Ловчие Удачи - 2 книга - Седов Вячеслав. Страница 22
И в этот раз, входя в церковь он все равно осенил себя крестным знамением, и остолбенел, едва шагнув внутрь, когда увидел у дверей святого отца, спокойно оправляющего рясу и повязывающего на поясе веревку.
Служитель церкви шарахнулся от рыцаря, когда тот схватился за меч. Все еще оправляя рясу священник пятился от наступающей на него фигуры. На бледном как мел лице с ввалившимися щеками на него сверкали черные глаза.
Румянец исчез с толстых щек святого отца, а маленькие свиные глазки забегали, ища путь к спасению. Отпираться было бесполезно, будто сам дьявол подгадал момент и послал воина по его грешную душу.
— Ну! Отче! Твори молитву! — меч свистнул в воздухе.
Развратник отскочил назад, споткнулся и повалился на пол. Отползая на четвереньках к алтарю, священник отчаянно звал на помощь. Но он позабыл, что в деревне оставались только женщины и дети, чем он и пользовался, а потом замаливал грехи своей слабости пред крестом, словно это снимало с него всякую вину.

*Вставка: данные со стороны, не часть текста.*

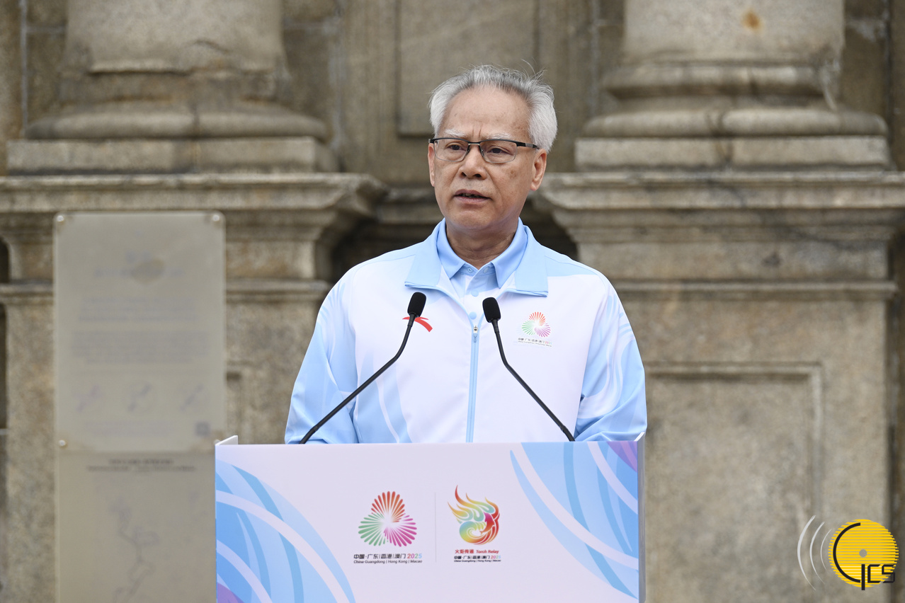 十五运会组委会和残特奥会组委会执行主任、行政长官岑浩辉在仪式上致辞。

Вот и сейчас молитвенно сложил руки с четками перед алтарем, взывая к разуму своего палача. Но рыцарь был глух к его мольбам, как и сам святой отец к плачу и просьбам маленького мальчика отпустить его к матери.
Ройгар пустил своего коня галопом. Точно так, как тогда, в деревне, ему пришлось вонзить шпоры в бока измотанного животного и гнать что есть духу прочь. И не от погони, которую еще не скоро снарядил нагрянувший разъезд, а от той правды, что открылась ему, и, словно хлыстом, гнала прочь от того, во что он раньше верил и во имя чего шел на смерть.

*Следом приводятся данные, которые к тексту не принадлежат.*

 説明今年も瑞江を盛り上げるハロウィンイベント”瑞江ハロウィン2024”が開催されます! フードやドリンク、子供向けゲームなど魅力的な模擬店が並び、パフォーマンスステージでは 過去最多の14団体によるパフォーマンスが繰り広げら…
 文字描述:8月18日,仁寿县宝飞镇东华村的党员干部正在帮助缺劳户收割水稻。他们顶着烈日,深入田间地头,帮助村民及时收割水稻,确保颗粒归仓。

Впереди, за перелеском, показались руины Старой Башни.
Граница осталась позади. Обоз двигался дальше, и Тард довольно потирал руки. Теперь ему оставалось добраться до Шаргарда, а оттуда прямо в дело. По морям до Северного Океана и вперед, топтать сапогами выжженную землю Пепельных Пустошей до гор Драконьего Проклятья.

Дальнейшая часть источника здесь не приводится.